Real-time client architecture
The DatabentoDataClient
is a Python class which contains other Databento adapter classes.
There are two DatabentoLiveClient
s per Databento dataset:
- One for MBO (order book deltas) real-time feeds
- One for all other real-time feeds
There is currently a limitation that all MBO (order book deltas) subscriptions for a dataset have to be made at node startup, to then be able to replay data from the beginning of the session. If subsequent subscriptions arrive after start, then an error will be logged (and the subscription ignored).
There is no such limitation for any of the other Databento schemas.
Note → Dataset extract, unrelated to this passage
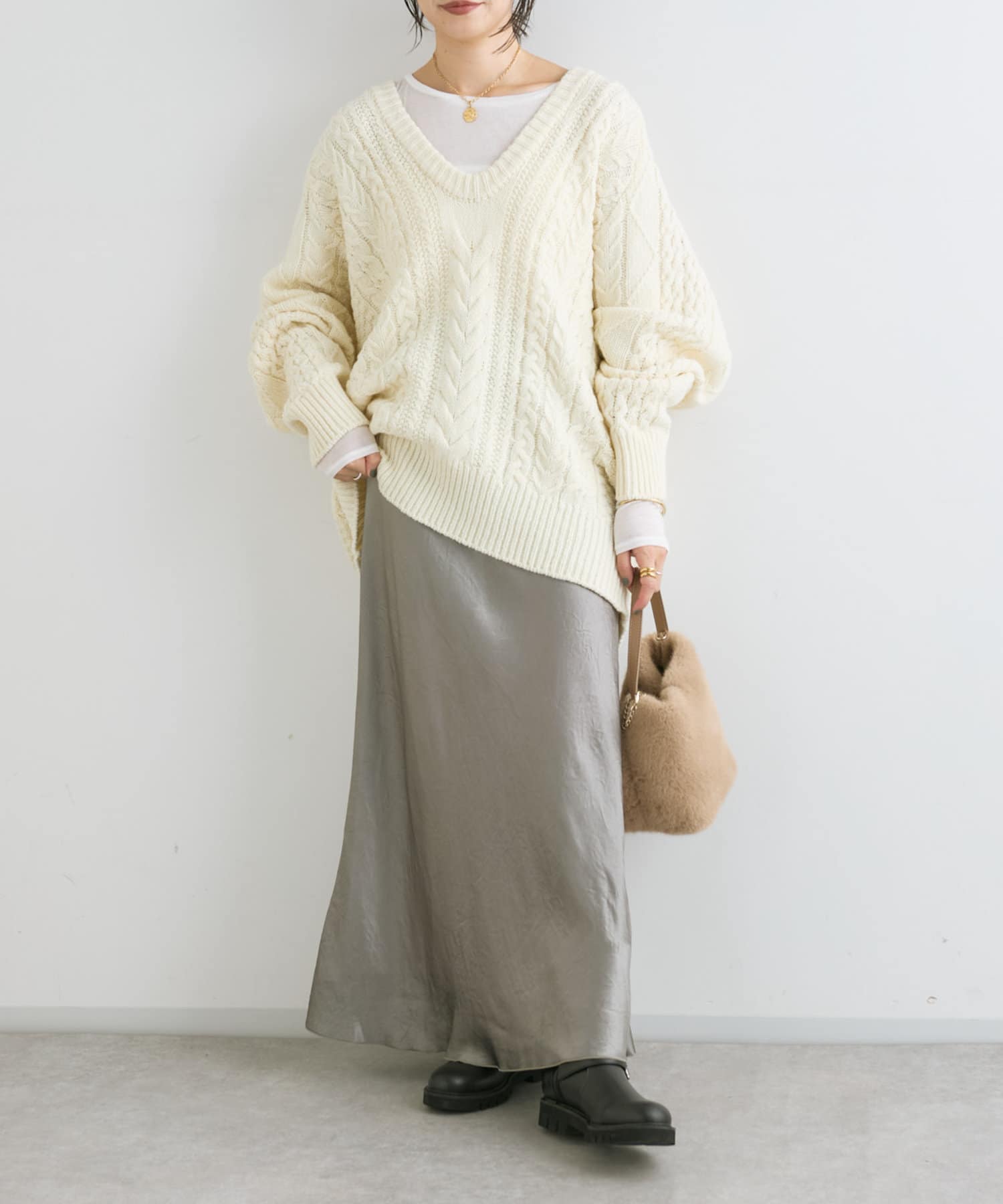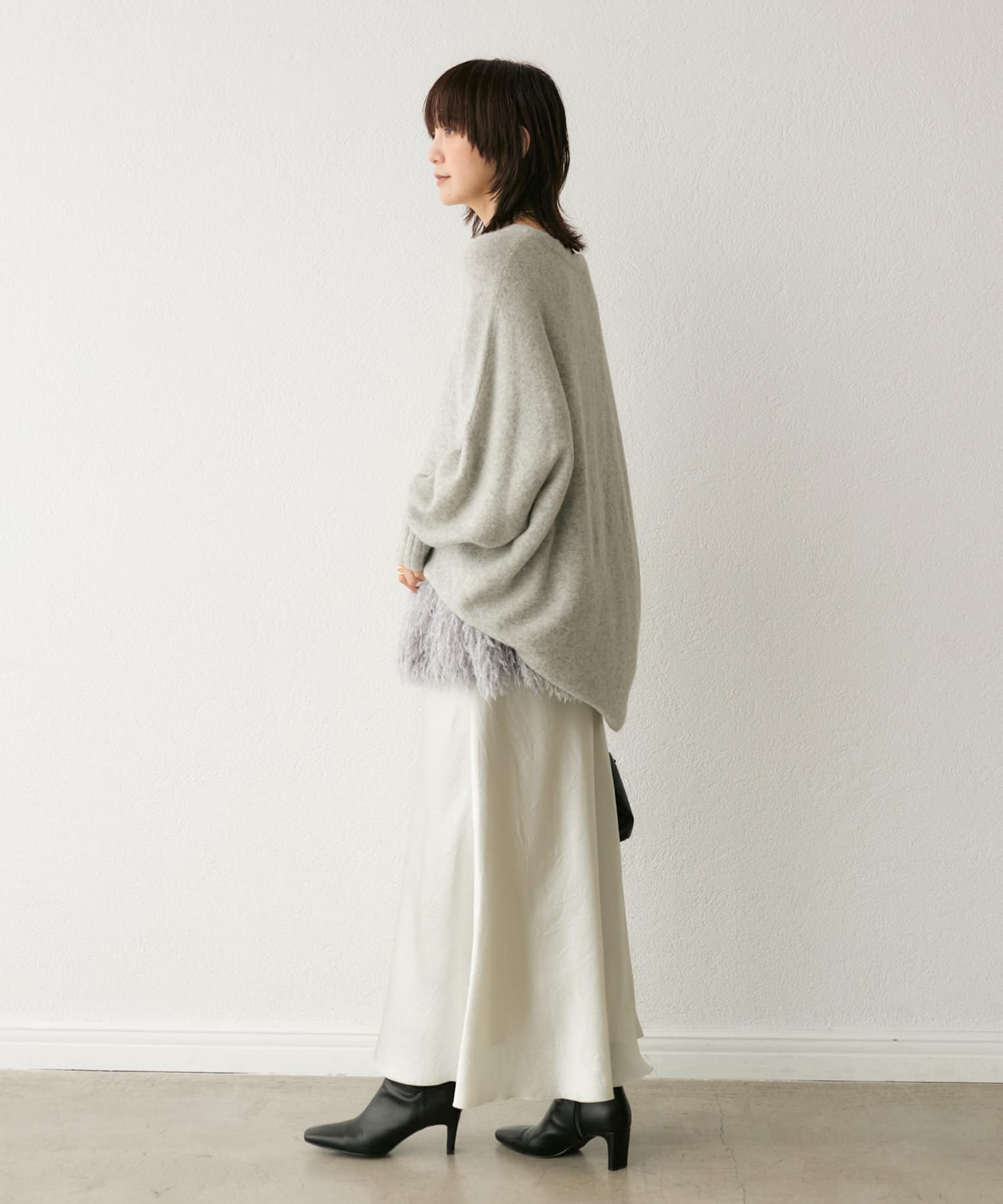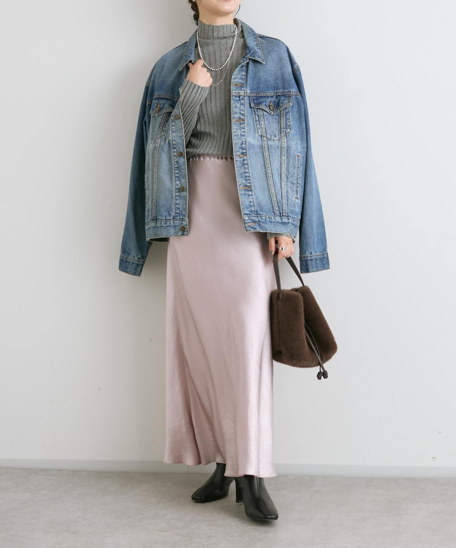 ざっくりニットやふんわりした毛足のニットとの相性がとてもよく、カジュアルなアイテムを艶っぽくスタイリングするのにもおすすめなアイテム。

A single DatabentoHistoricalClient
instance is reused between the DatabentoInstrumentProvider
and DatabentoDataClient
,
which makes historical instrument definitions and data requests.
Configuration
The most common use case is to configure a live TradingNode
to include a
Databento data client. To achieve this, add a DATABENTO
section to your client
configuration(s):
from nautilus_trader.adapters.databento import DATABENTO
from nautilus_trader.live.node import TradingNode
config = TradingNodeConfig(
..., # Omitted
data_clients={
DATABENTO: {
"api_key": None, # 'DATABENTO_API_KEY' env var
"http_gateway": None, # Override for the default HTTP historical gateway
"live_gateway": None, # Override for the default raw TCP real-time gateway
"instrument_provider": InstrumentProviderConfig(load_all=True),
"instrument_ids": None, # Nautilus instrument IDs to load on start
"parent_symbols": None, # Databento parent symbols to load on start
},
},
..., # Omitted
)
Then, create a TradingNode
and add the client factory:
from nautilus_trader.adapters.databento.factories import DatabentoLiveDataClientFactory
from nautilus_trader.live.node import TradingNode
# Instantiate the live trading node with a configuration
node = TradingNode(config=config)
# Register the client factory with the node
node.add_data_client_factory(DATABENTO, DatabentoLiveDataClientFactory)
# Finally build the node
node.build()
Configuration parameters
api_key
: The Databento API secret key. IfNone
then will source theDATABENTO_API_KEY
environment variable.http_gateway
: The historical HTTP client gateway override (useful for testing and typically not needed by most users).live_gateway
: The raw TCP real-time client gateway override (useful for testing and typically not needed by most users).parent_symbols
: The Databento parent symbols to subscribe to instrument definitions for on start. This is a map of Databento dataset keys -> to a sequence of the parent symbols, e.g. {'GLBX.MDP3', ['ES.FUT', 'ES.OPT']} (for all E-mini S&P 500 futures and options products).instrument_ids
: The instrument IDs to request instrument definitions for on start.timeout_initial_load
: The timeout (seconds) to wait for instruments to load (concurrently per dataset).mbo_subscriptions_delay
: The timeout (seconds) to wait for MBO/L3 subscriptions (concurrently per dataset). After the timeout the MBO order book feed will start and replay messages from the initial snapshot and then all deltas.